**What the task requires**
When you reproduce these records, keep every word exactly and drop the images.

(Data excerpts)
■ ■ ■

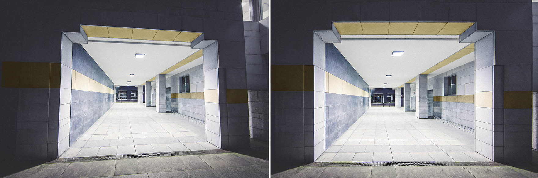 Vorher, nachher: Links ist die Originalaufnahme und rechts die mit ViewPoint korrigierte Version zu sehen. (Bild und © Luca Nicolao)
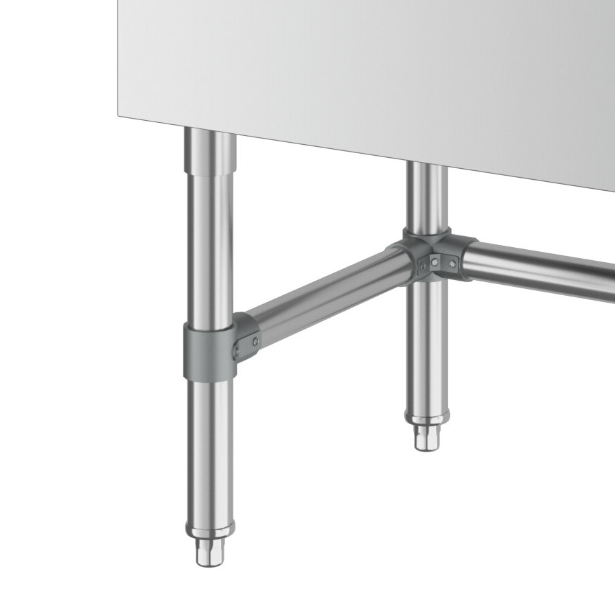This underbar sink is constructed from 18 gauge type 304 stainless steel for corrosion resistance and optimal durability. It sits on 4 stainless steel legs to provide your sink with a solid, reliable foundation to rest upon. Additionally, this sink features U-shaped cross bracing for maximum stability.
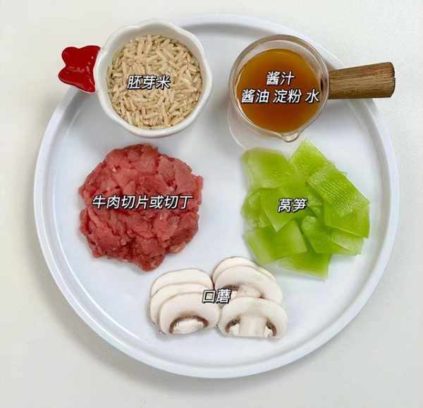 步驟1:提前選購好萵筍,牛肉裡脊和口蘑,提前將牛肉裡脊清洗幹凈,牛肉要切成厚度相同的片,牛肉想要口感嫩,一定記得要提前醃制入味。
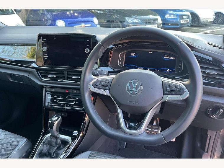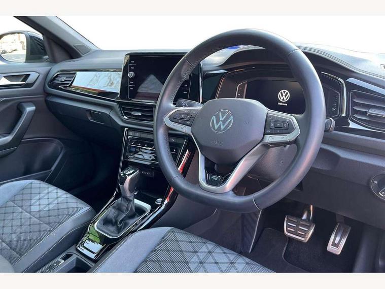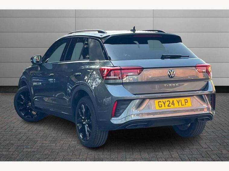 10.25" Digital cockpit pro, Advanced driver attention and drowsiness monitor, Bluetooth mobile phone interface, Emergency call service, Lane keeping system Lane Assist, Modified key software - reduce switch off time for key status change to Long no motion, Online services, Park assist including front and rear parking sensors, Service interval indicator, Tailgate/trunk lid release from outside, Think blue trainer driver tips and journey analysis, Warning sound and light for front seatbelts unfastened, Wireless app connect, Battery regeneration during braking, Start/stop function with battery regeneration, Diversity antenna for FM reception, Music playback - MP3, WMA and AAC files, Premium USB cable in choice of either Apple or Android smartphone compatibility, SD card slot, Simultaneous pairing of 2 compatible mobile devices, Title and cover art display, We Connect and We Connect Plus functionality, 3rd brake light, Auto dimming interior rear view mirror, Automatic hazard lights activation under emergency braking, Automatic headlight control with LED separate daytime running lights with coming/leaving home function, Electrically adjustable and heated door mirrors, Extended roof spoiler, Exterior mirrors aspherical on driver side, convex on front passenger side, External USB type C socket and charging sockets, Front windscreen wiper with intermittent wipe and 4 position delay, Heated rear window, LED rear combination lamps, LED rear number plate lights, Power windows with comfort operation and circuit breaker, R-Line design body coloured bumpers, Rain sensor, Rear exhaust tailpipe, Rear fog light on one side and reversing lights on both sides, Rear side wing doors, Rear wash/wipe with intermittent wipe setting, Remote electrically foldable door mirrors, puddle lights and reverse activated passenger's door mirror, 12V power socket in centre console, 3 rear head restraints, 3 seat bench in 2nd row, 4 load lashing points in luggage compartment, Air care climatronic air conditoning system with active combination filter and 2-zone temperature control, Black roof lining, Chrome plated radiator grille inserts, air vent surrounds and light switch surrounds, Door and side trim panel with leatherette insert, Front + rear carpet mats, Front centre armrest, Front cupholders x 2, Front footwell illumination, Front reading light, Front scuff plates with R Line logo, Front seat back storage pockets, Glove compartment door with light, Instrument lighting, white adjustable panel illumination, Interior ambient lighting and surround lighting, Interior light delay, Isofix child seat preparation, Leather gearshift handle, Load-through provision with cup holder when folded down ('Unsplit rear seat bench, split folding backrest, with centre armrest), Luggage compartment lighting, Single front passenger seat, Stainless steel pedals, Storage compartment in left and right luggage area, Storage compartment in rear doors, Storage compartments in driver and front passenger doors, Sunvisors with illuminated vanity mirrors, Variable boot floor, height adjustable and removable, Driver assistance pack without proactive passenger protection - T-Roc, 3 point height adj front seatbelts + pretensioners, 3 point seatbelts in outer rear with ECE label, ABS, Child locks on rear doors, City emergency braking and pedestrian monitoring, Driver and front passenger airbag with front passenger airbag deactivation, Driver and front passenger safety-optimised head restraints, Drivers seatbelt reminder, Electronic parking brake, Electronic Stability Control (ESC) inc EDL (Electronic Differential Lock) and ASR (Traction Control), Front and rear passengers curtain airbag system including front side airbags, Hill start assist, Predictive pedestrian protection, Rear disc brakes, Two tone horn, Tyre pressure loss indicator, Volkswagen roadside assistance, Anti-theft alarm system with interior monitoring, backup horn, and towing protection, Remote central locking with SAFELOCK, radio remote control with 2 remote control folding keys, Trims for alloy wheels,
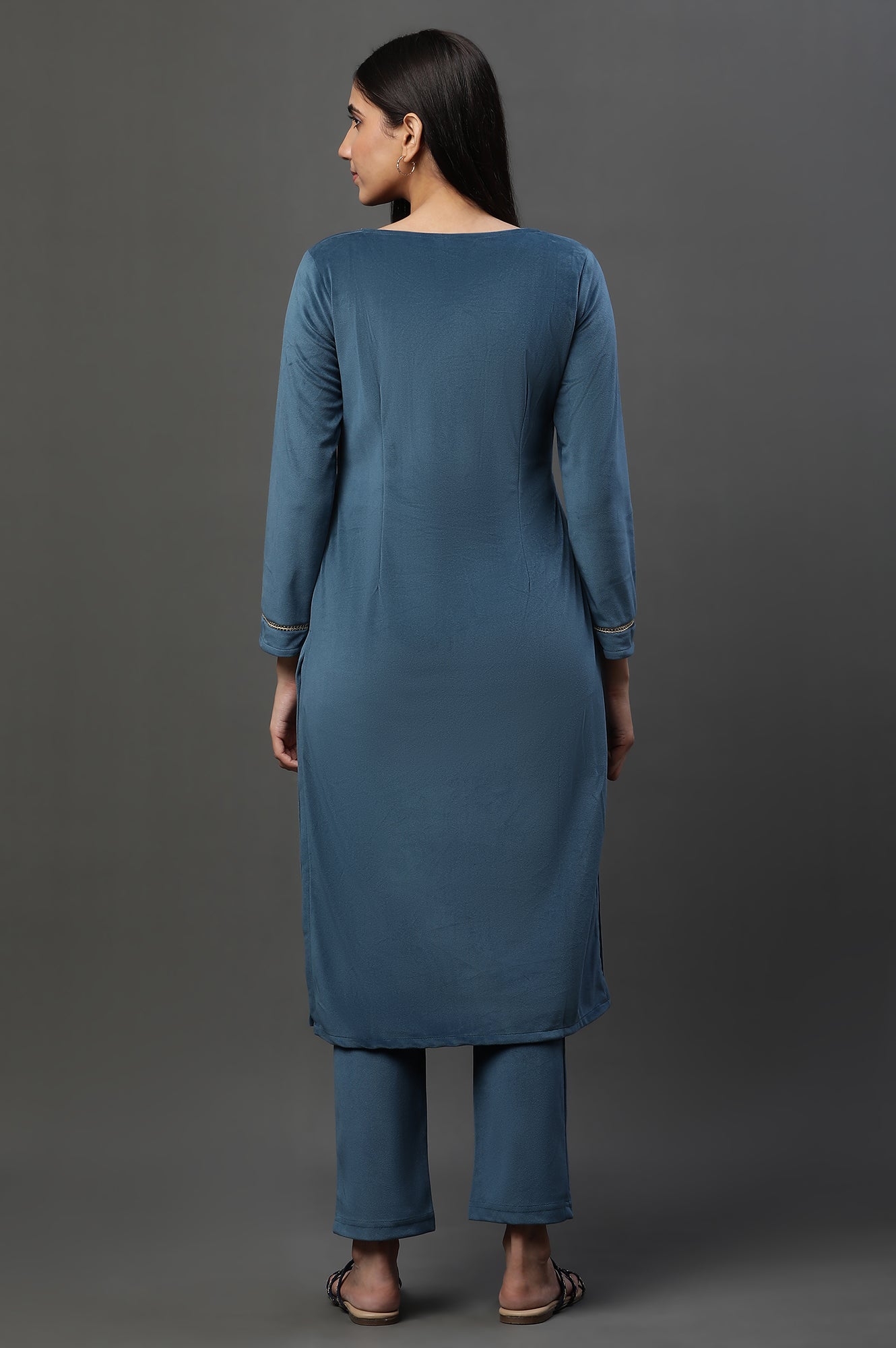 Blue Zari Embroidered Velvet Kurta and Pants Set
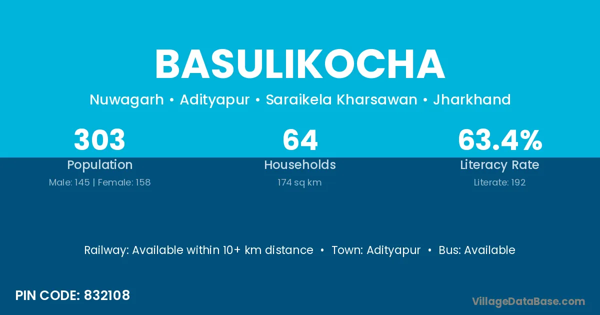 Adityapur is the nearest town to Basulikocha village for major economic activities
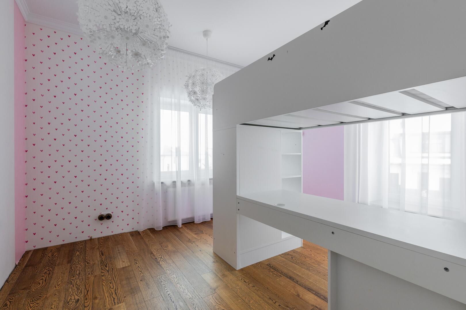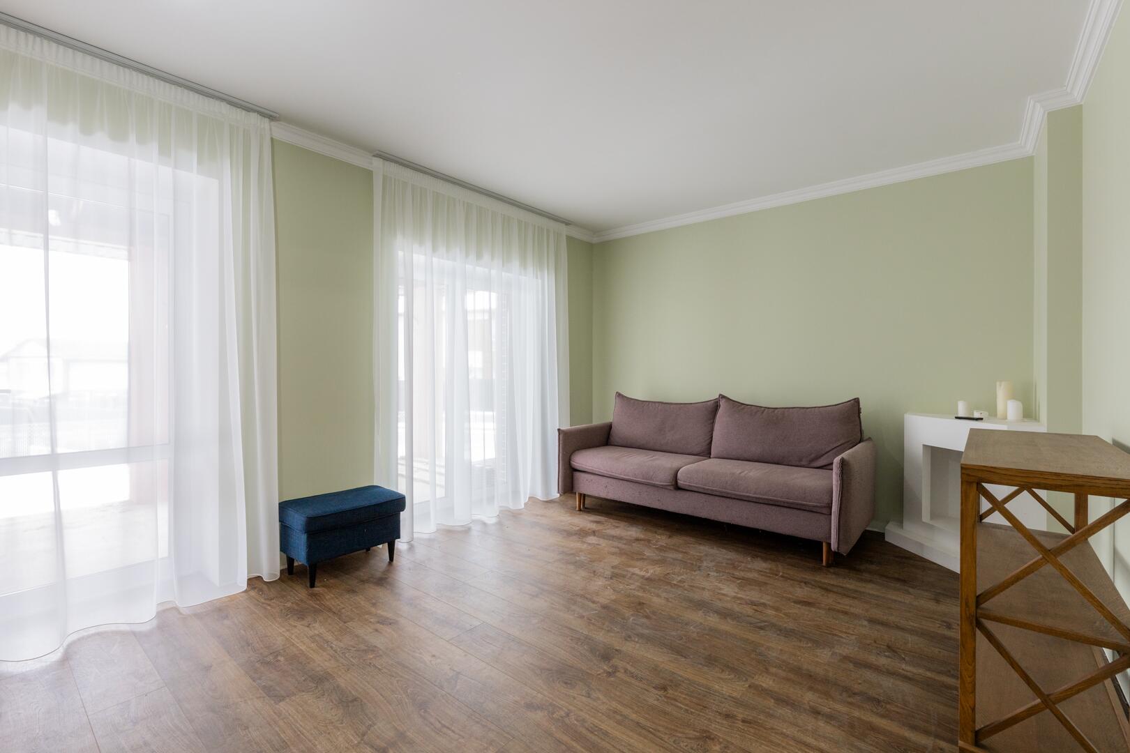 Для покрытия полов первого этажа использовалась плитка и кварцвинил. Полы второго этажа покрыты высококачественной паркетной доской.
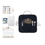 - Includes 12 Golden Taklon brushes (shader 4, 8, 10, 12; wash 3/4-inch; round 1, 3, 5, 8; liner 5/0, 1; fan 4), 1 palette knife, 1 wooden stylus, 12 acrylic paint tubes (12ml), 1 apron, 1 plastic palette, 1 graphite pencil
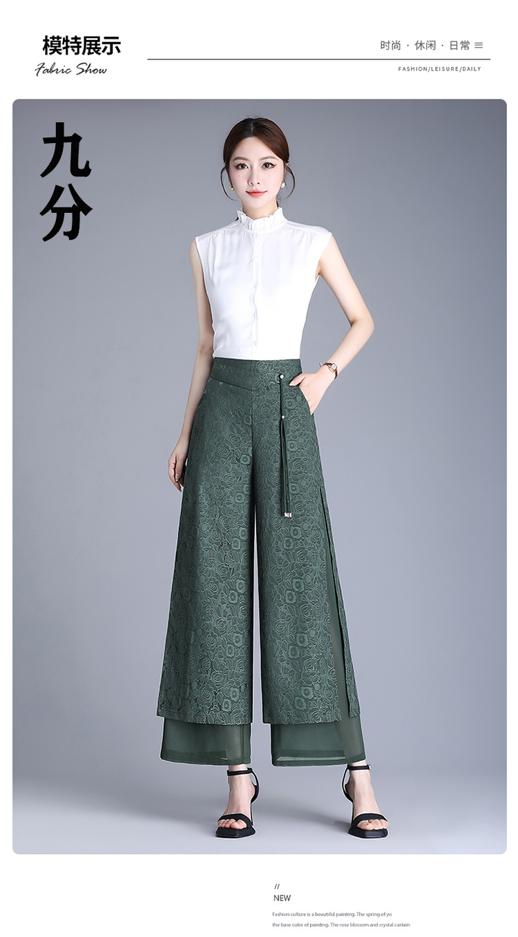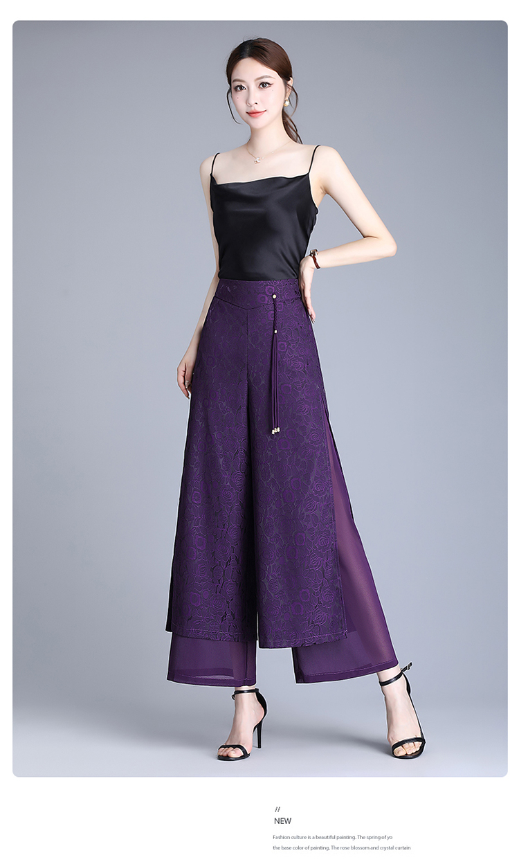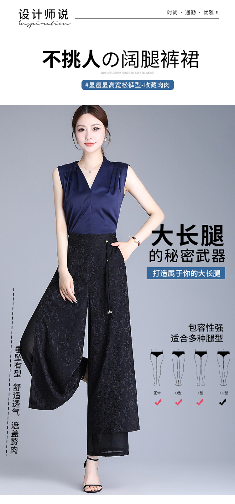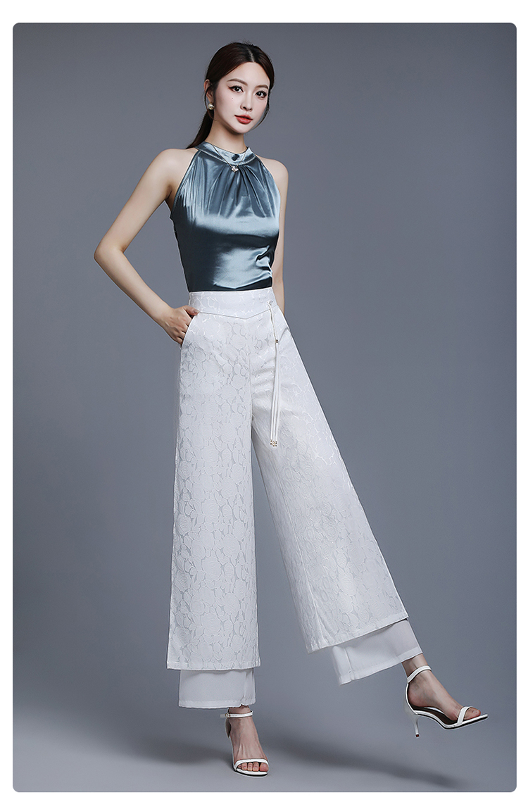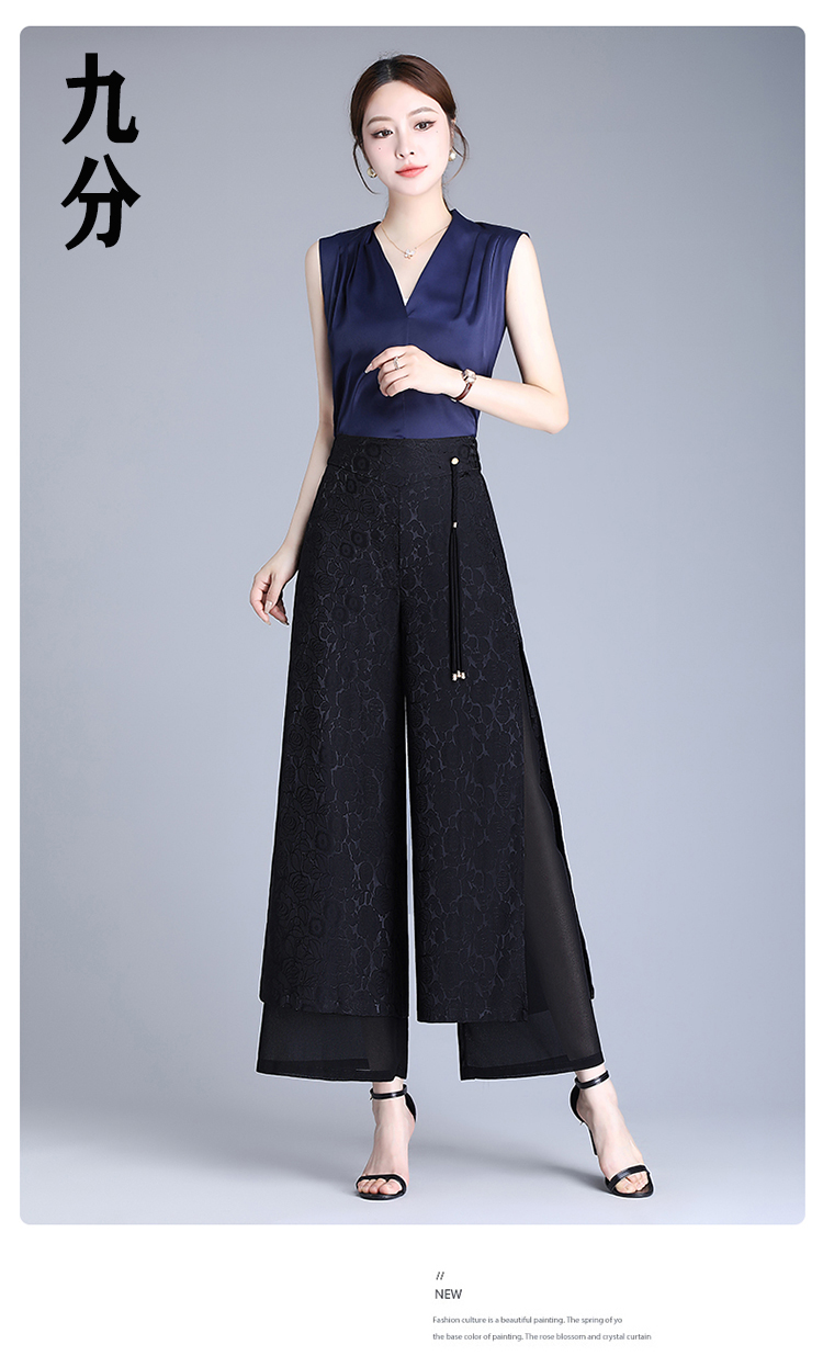 國風開叉褲子女夏季薄款高腰寬松直筒顯瘦垂感中式提花冰絲濶腿褲

■ ■ ■

**Result**
 Vorher, nachher: Links ist die Originalaufnahme und rechts die mit ViewPoint korrigierte Version zu sehen. (Bild und © Luca Nicolao)
This underbar sink is constructed from 18 gauge type 304 stainless steel for corrosion resistance and optimal durability. It sits on 4 stainless steel legs to provide your sink with a solid, reliable foundation to rest upon. Additionally, this sink features U-shaped cross bracing for maximum stability.
 步驟1:提前選購好萵筍,牛肉裡脊和口蘑,提前將牛肉裡脊清洗幹凈,牛肉要切成厚度相同的片,牛肉想要口感嫩,一定記得要提前醃制入味。
 10.25" Digital cockpit pro, Advanced driver attention and drowsiness monitor, Bluetooth mobile phone interface, Emergency call service, Lane keeping system Lane Assist, Modified key software - reduce switch off time for key status change to Long no motion, Online services, Park assist including front and rear parking sensors, Service interval indicator, Tailgate/trunk lid release from outside, Think blue trainer driver tips and journey analysis, Warning sound and light for front seatbelts unfastened, Wireless app connect, Battery regeneration during braking, Start/stop function with battery regeneration, Diversity antenna for FM reception, Music playback - MP3, WMA and AAC files, Premium USB cable in choice of either Apple or Android smartphone compatibility, SD card slot, Simultaneous pairing of 2 compatible mobile devices, Title and cover art display, We Connect and We Connect Plus functionality, 3rd brake light, Auto dimming interior rear view mirror, Automatic hazard lights activation under emergency braking, Automatic headlight control with LED separate daytime running lights with coming/leaving home function, Electrically adjustable and heated door mirrors, Extended roof spoiler, Exterior mirrors aspherical on driver side, convex on front passenger side, External USB type C socket and charging sockets, Front windscreen wiper with intermittent wipe and 4 position delay, Heated rear window, LED rear combination lamps, LED rear number plate lights, Power windows with comfort operation and circuit breaker, R-Line design body coloured bumpers, Rain sensor, Rear exhaust tailpipe, Rear fog light on one side and reversing lights on both sides, Rear side wing doors, Rear wash/wipe with intermittent wipe setting, Remote electrically foldable door mirrors, puddle lights and reverse activated passenger's door mirror, 12V power socket in centre console, 3 rear head restraints, 3 seat bench in 2nd row, 4 load lashing points in luggage compartment, Air care climatronic air conditoning system with active combination filter and 2-zone temperature control, Black roof lining, Chrome plated radiator grille inserts, air vent surrounds and light switch surrounds, Door and side trim panel with leatherette insert, Front + rear carpet mats, Front centre armrest, Front cupholders x 2, Front footwell illumination, Front reading light, Front scuff plates with R Line logo, Front seat back storage pockets, Glove compartment door with light, Instrument lighting, white adjustable panel illumination, Interior ambient lighting and surround lighting, Interior light delay, Isofix child seat preparation, Leather gearshift handle, Load-through provision with cup holder when folded down ('Unsplit rear seat bench, split folding backrest, with centre armrest), Luggage compartment lighting, Single front passenger seat, Stainless steel pedals, Storage compartment in left and right luggage area, Storage compartment in rear doors, Storage compartments in driver and front passenger doors, Sunvisors with illuminated vanity mirrors, Variable boot floor, height adjustable and removable, Driver assistance pack without proactive passenger protection - T-Roc, 3 point height adj front seatbelts + pretensioners, 3 point seatbelts in outer rear with ECE label, ABS, Child locks on rear doors, City emergency braking and pedestrian monitoring, Driver and front passenger airbag with front passenger airbag deactivation, Driver and front passenger safety-optimised head restraints, Drivers seatbelt reminder, Electronic parking brake, Electronic Stability Control (ESC) inc EDL (Electronic Differential Lock) and ASR (Traction Control), Front and rear passengers curtain airbag system including front side airbags, Hill start assist, Predictive pedestrian protection, Rear disc brakes, Two tone horn, Tyre pressure loss indicator, Volkswagen roadside assistance, Anti-theft alarm system with interior monitoring, backup horn, and towing protection, Remote central locking with SAFELOCK, radio remote control with 2 remote control folding keys, Trims for alloy wheels,
 Blue Zari Embroidered Velvet Kurta and Pants Set
 Adityapur is the nearest town to Basulikocha village for major economic activities
 Для покрытия полов первого этажа использовалась плитка и кварцвинил. Полы второго этажа покрыты высококачественной паркетной доской.
 - Includes 12 Golden Taklon brushes (shader 4, 8, 10, 12; wash 3/4-inch; round 1, 3, 5, 8; liner 5/0, 1; fan 4), 1 palette knife, 1 wooden stylus, 12 acrylic paint tubes (12ml), 1 apron, 1 plastic palette, 1 graphite pencil
 國風開叉褲子女夏季薄款高腰寬松直筒顯瘦垂感中式提花冰絲濶腿褲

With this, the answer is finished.